The family struggles to get by with a small patch of land. The father is lackadaisical, yet loving. The mother, a newcomer to the village as a young bride years earlier, constantly frets about what others think – and serves as a constant critic to her family, especially after Oliva's older sister was forced into an unhappy marriage. The prize for obedience is a mother’s love. 

Gossip is cruel in the small village, and Oliva concedes that words are weapons. “Even everyday words can be hurtful when they rattle around in the mouths of the ignorant.”

Her mother insists that girls must suffer for beauty, and Oliva muses: “Beauty is always in the eye of the beholder. Maybe that’s why we love eyes.”

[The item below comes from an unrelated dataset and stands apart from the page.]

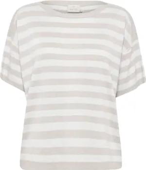 Strickpullover KAlizza Damen Strickpullover Kurzarm Streifen Lässig Casual Rundhals Pullover Gestreift Chalk/GreyMel. Bold Stripe XS
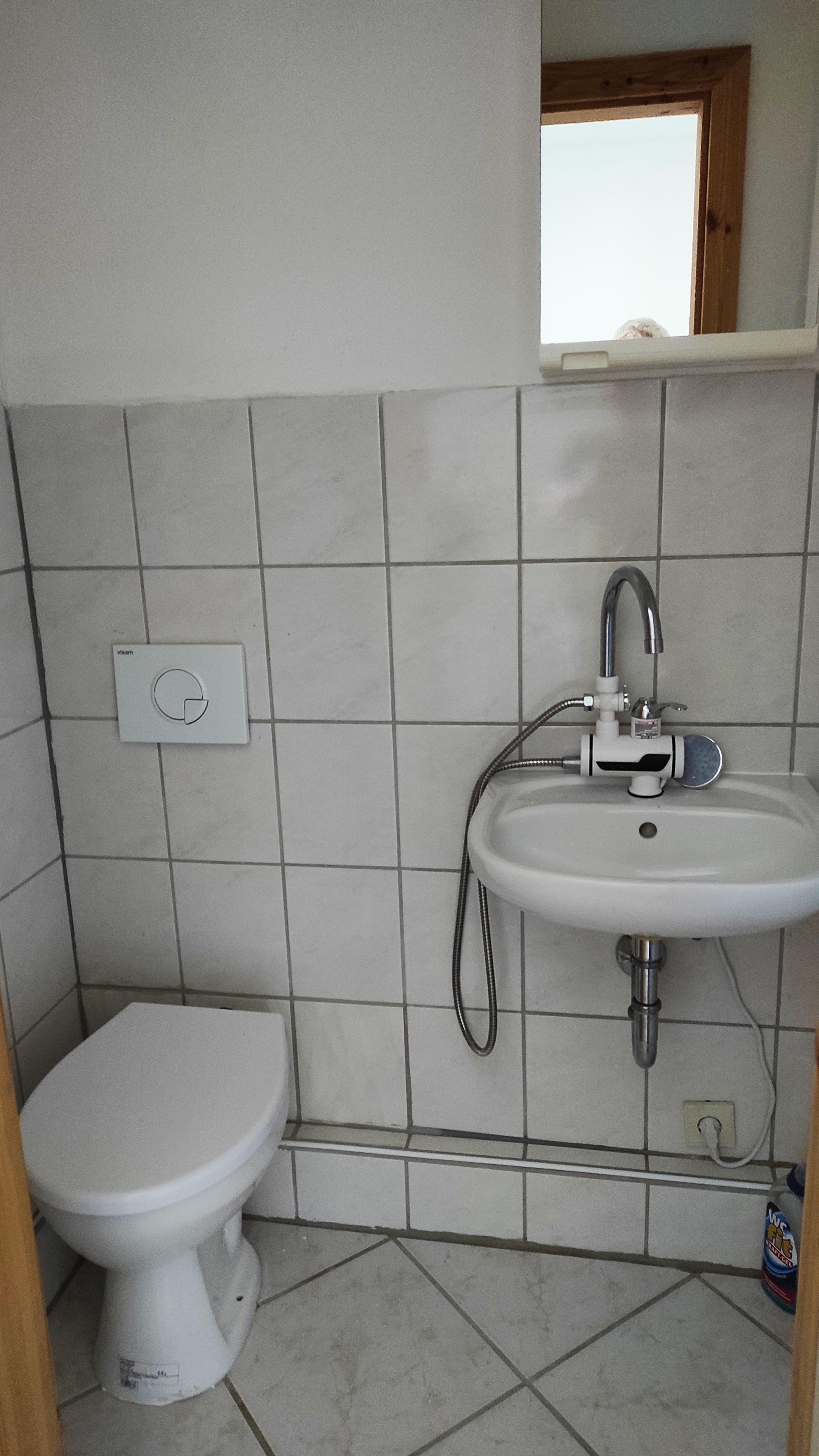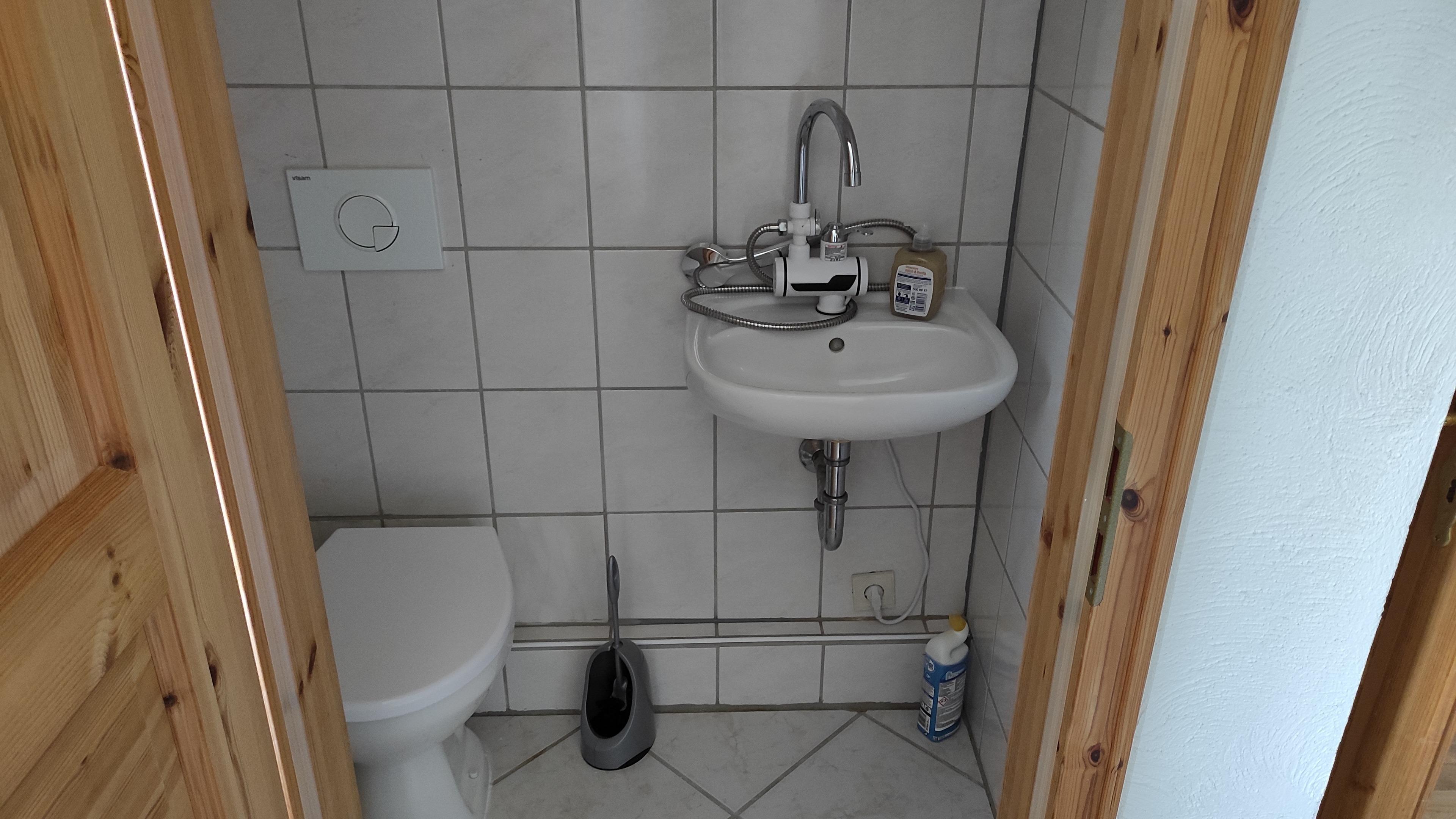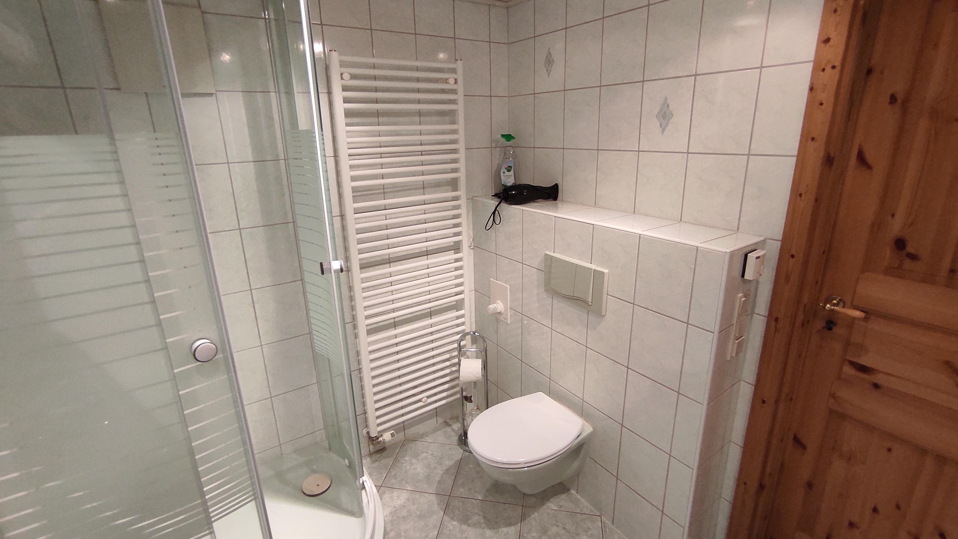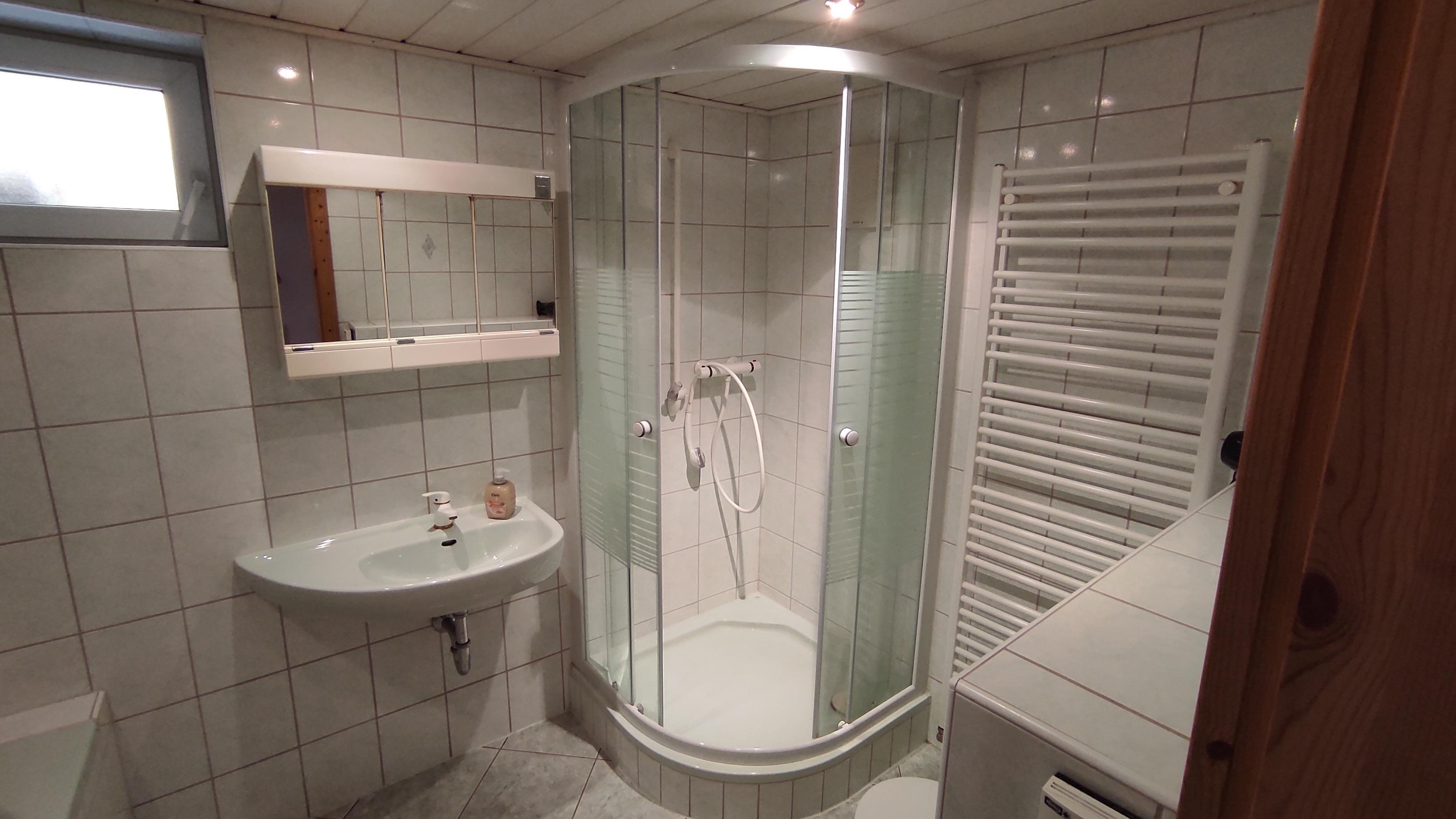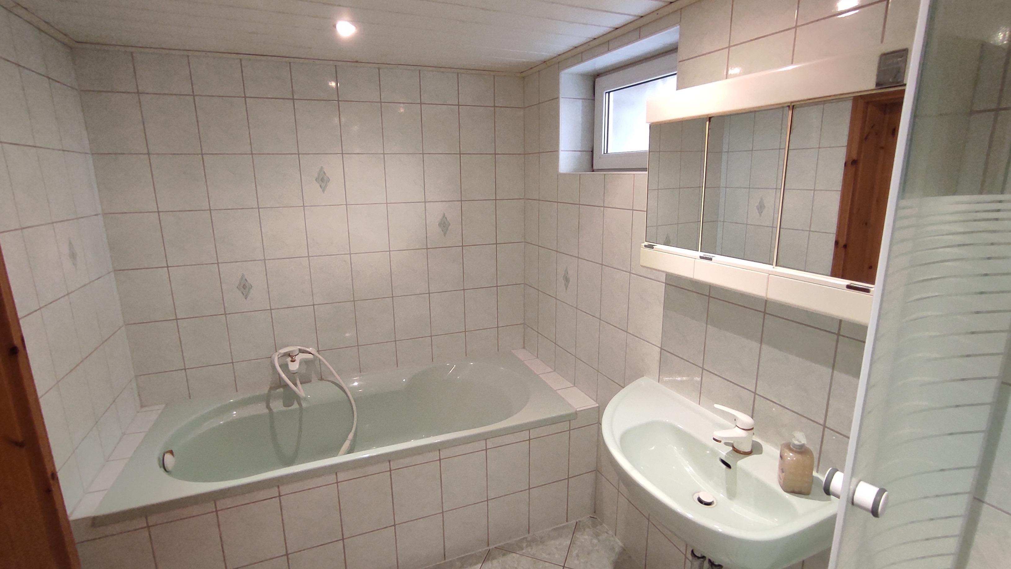 Im Erdgeschoss befindet sich das Bad, welches mit WC, Dusche und Badewanne ausgestattet ist.

Protecting a beautiful daughter is challenging for the poor, and a wealthier young man in the village takes a liking to Oliva, kidnapping and raping her to force a marriage. She reports the crime to authorities who are dumbfounded that the family rejects the marriage offer. An officer who is a family friend advises, “The law is for people with money.”

That incident ends Oliva's childhood and dreams of being an artist, and many readers will take issue with the book's title. The girl endures a humiliating trial, during which she feels more like defendant than victim. Activists, teachers and Liliana support her during the trial and years later, helping her bear the shame of injustice. Oliva’s mother questions a teacher's involvement in the politics of women's rights, and the woman replies, “We’re all involved in politics, one way or another…. Everything is politics: our choices, what we are willing or unwilling to do for ourselves and for others.”

Two decades later, Italy criminalizes rape marriages and honor killings. Taking no action on such matters is tacit approval. 

Oliva eventually returns to the village to teach and she holds her head high. “Home is where you hope one day to return, I think to myself, even if it has rejected you. Home is where you want to escape from, even though it taught you to walk and talk.”